WARNING — Steps 1–3 all use m.instruct(...) / m.ainstruct(...), but the first m = mellea.start_session(...) is in Step 4 (L432). A reader copy-pasting in order hits NameError: name 'm' is not defined on this block — confirmed by running it.

Consider adding a setup block just before Step 1 so the tutorial is runnable top-to-bottom:

import mellea from mellea.backends.model_ids import IBM_GRANITE_4_MICRO_3B m = mellea.start_session(backend_name="ollama", model_id=IBM_GRANITE_4_MICRO_3B)

(Or equivalent — the session variable is load-bearing from here onward.)

planetf1 · 2026-05-07T08:41:04Z

+step is to get a clean, typed `BOM` object.
+
+`RichDocument` wraps [docling](https://github.com/DS4SD/docling) and
+exposes tables as markdown, which small models handle much better than raw


WARNING — A fresh pip install mellea raises ImportError: RichDocument requires extra dependencies. Please install them with: pip install "mellea[docling]" on this import. LocalHFBackend in Step 3 similarly needs mellea[hf]. The blog never mentions installing either — it's the first copy-paste failure for a reader.

One install line before Step 1 covers it:

pip install 'mellea[docling,hf]'

planetf1 · 2026-05-07T08:41:05Z

+from mellea.stdlib.components.docs.richdocument import RichDocument
+
+construction_plans = RichDocument.from_document_file(
+    "construction_docs/construction_plans.pdf"

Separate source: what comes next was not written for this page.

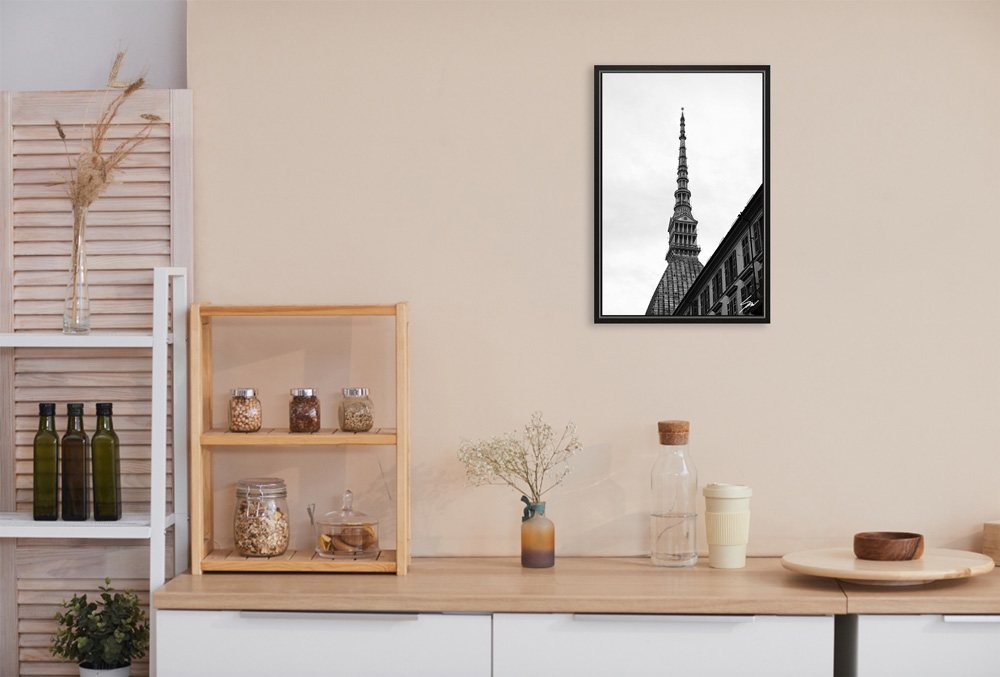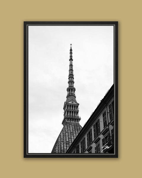 The dome of the Mole Antonelliana towers over the city of Torino, Italy. The dramatic b&w enhances its details and transports you to another world. The print has been realized on glossy Fuji Crystal Archive paper, and mounted beneath acrylic glass. It is displayed underneath a matte float glass, and surrounded by a beautiful black oak floater frame. Every element of this piece was individually selected with intention as being a part of a unified piece of art.
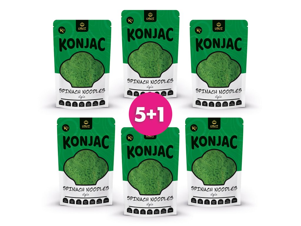 Zamilovali ste si USUI konjakové rezance so špenátom natoľko, že ich nikdy nemáte v kuchyni dosť? Potom je tento balíček 5+1 práve pre vás. Budete mať zásobu a navyše ušetríte.

WARNING — The tutorial references construction_docs/construction_plans.pdf (and product_catalogs/*.{pdf,docx,xlsx} in Step 2) but doesn't tell readers where to get them. Running the block raises FileNotFoundError. A pointer to the linked tutorial notebook's asset directory would let readers actually follow along:

Sample input files are in the tutorial repo under construction_docs/ and product_catalogs/.

planetf1 · 2026-05-07T08:41:07Z

+| Small open-weight (<3B) | Doesn't understand the task. Returns a generic "cost breakdown" with no prices. |
+| Open-weight reasoning (~20B) | Finds categories and subtotals. No pie chart. Numbers often wrong. |
+| Gemini Fast | Mostly reasonable. No chart. Some prices off. |
+| GPT-5.4 Pro, extended thinking | Gets most items right. Cites sources. No chart on first shot. ~$1/run. |


WARNING — "GPT-5.4 Pro" appears here and on L15, L93. I can't find this as an actual OpenAI product name. For a cost-vs-capability post anchored on a frontier-model baseline, the specific model matters; an invented name undermines the table. If the intent was "whatever the top-tier frontier reasoning model is at publish time," a generic phrasing avoids ageing:

Suggested change

| GPT-5.4 Pro, extended thinking | Gets most items right. Cites sources. No chart on first shot. ~$1/run. |

| Frontier reasoning (GPT-5 Pro / o-series / Claude Opus) | Gets most items right. Cites sources. No chart on first shot. ~$1/run. |

planetf1 · 2026-05-07T08:41:08Z

+The construction case isn't a one-off. The same three-pattern approach
+generalizes. On agent benchmarks the Mellea team has run (a DB2 database
+agent and a compliance agent), rewriting large prompt-based systems as
+Mellea programs moves a Llama 70B setup from ~80% task completion to ~90%,


WARNING — "Mellea programs moves a Llama 70B setup from ~80% task completion to ~90%, and lets a Granite 8B model match or beat a Llama 70B baseline" — these are strong quantitative claims, and the argument rests on them. A link to the DB2-agent / compliance-agent results (or a benchmark table in the mellea repo) would turn this from marketing into evidence. If those numbers aren't public yet, consider softening to "in internal evaluations" and committing to publish.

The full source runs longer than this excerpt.